### Exercise description
Look below for the line with "Son Kem 3CE Soft Lip Lacquer 6g" and the line with "Featured is an"; repeat exactly those two lines and all lines between them, but no pictures.

### Input material
>>>

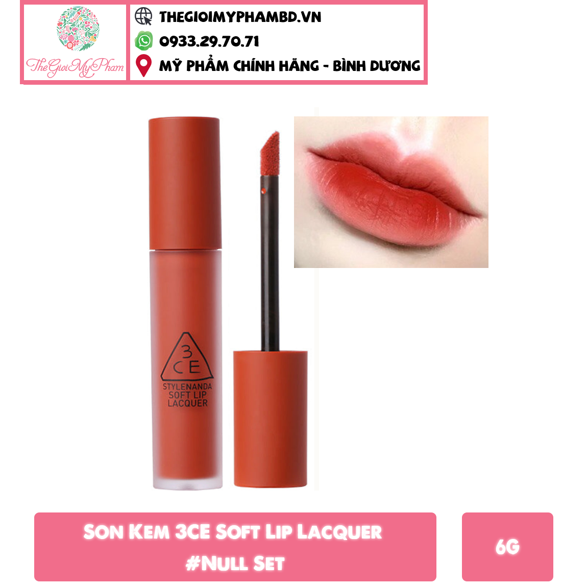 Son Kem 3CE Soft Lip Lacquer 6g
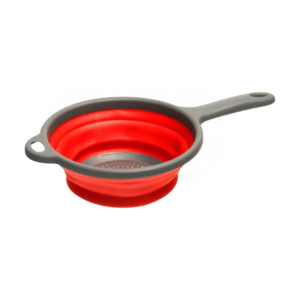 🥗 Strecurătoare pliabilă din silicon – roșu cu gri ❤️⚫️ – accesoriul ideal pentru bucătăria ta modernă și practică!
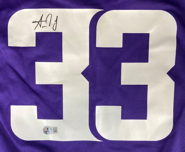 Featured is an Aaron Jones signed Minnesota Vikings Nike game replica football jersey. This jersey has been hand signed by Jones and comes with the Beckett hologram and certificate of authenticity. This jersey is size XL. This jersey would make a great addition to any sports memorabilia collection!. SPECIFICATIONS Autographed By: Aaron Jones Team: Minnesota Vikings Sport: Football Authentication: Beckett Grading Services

<<<
>>>

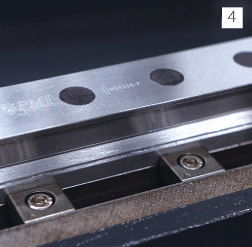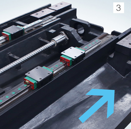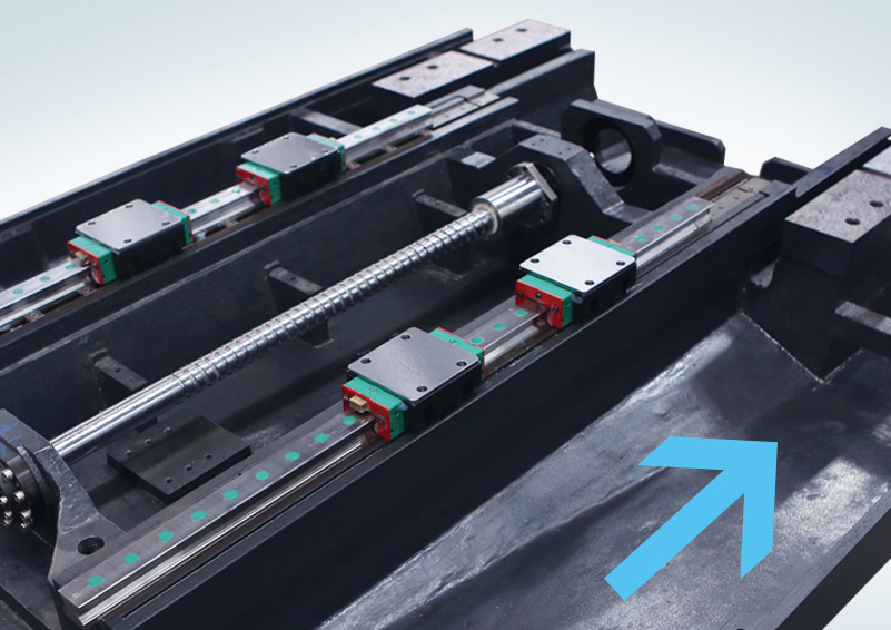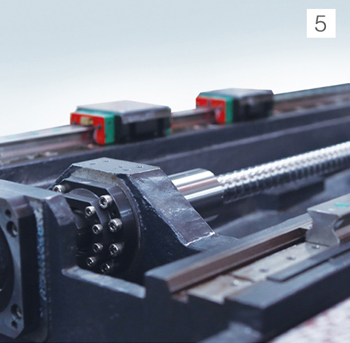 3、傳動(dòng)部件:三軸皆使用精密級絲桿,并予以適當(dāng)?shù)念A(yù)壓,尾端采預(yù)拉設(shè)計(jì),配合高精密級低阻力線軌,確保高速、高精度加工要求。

<<<
>>>

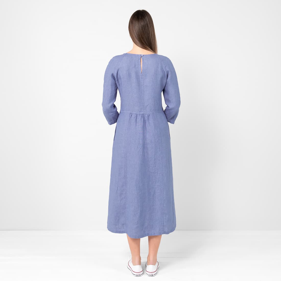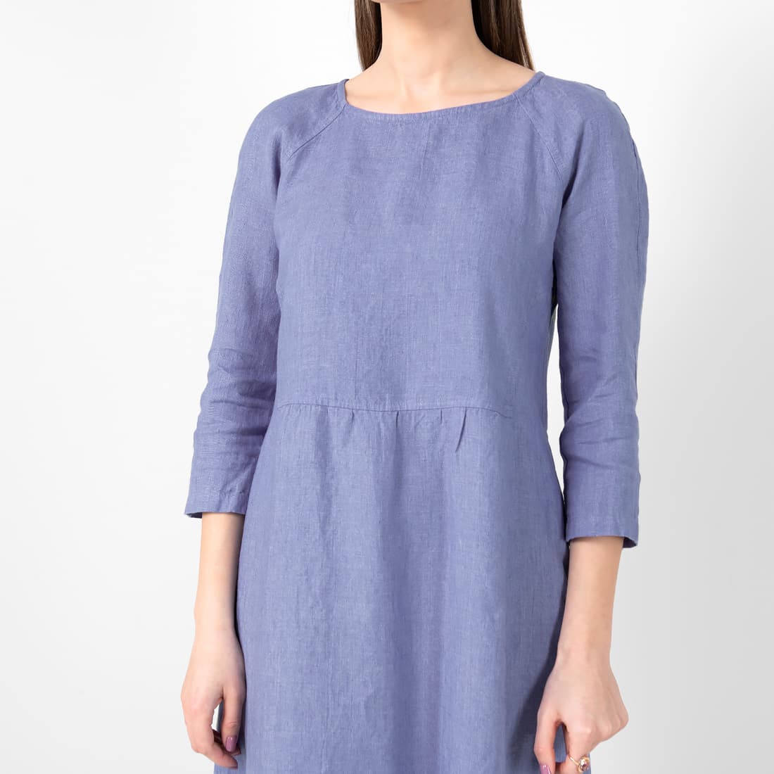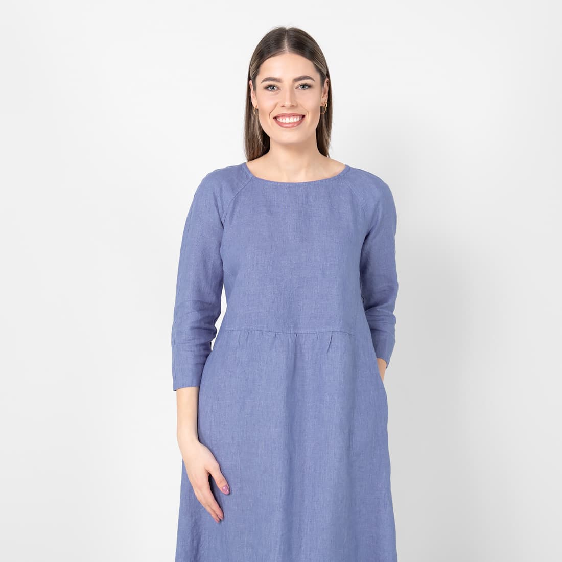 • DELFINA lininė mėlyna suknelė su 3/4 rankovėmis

<<<

### Task solution
 Son Kem 3CE Soft Lip Lacquer 6g
 🥗 Strecurătoare pliabilă din silicon – roșu cu gri ❤️⚫️ – accesoriul ideal pentru bucătăria ta modernă și practică!
 Featured is an Aaron Jones signed Minnesota Vikings Nike game replica football jersey. This jersey has been hand signed by Jones and comes with the Beckett hologram and certificate of authenticity. This jersey is size XL. This jersey would make a great addition to any sports memorabilia collection!. SPECIFICATIONS Autographed By: Aaron Jones Team: Minnesota Vikings Sport: Football Authentication: Beckett Grading Services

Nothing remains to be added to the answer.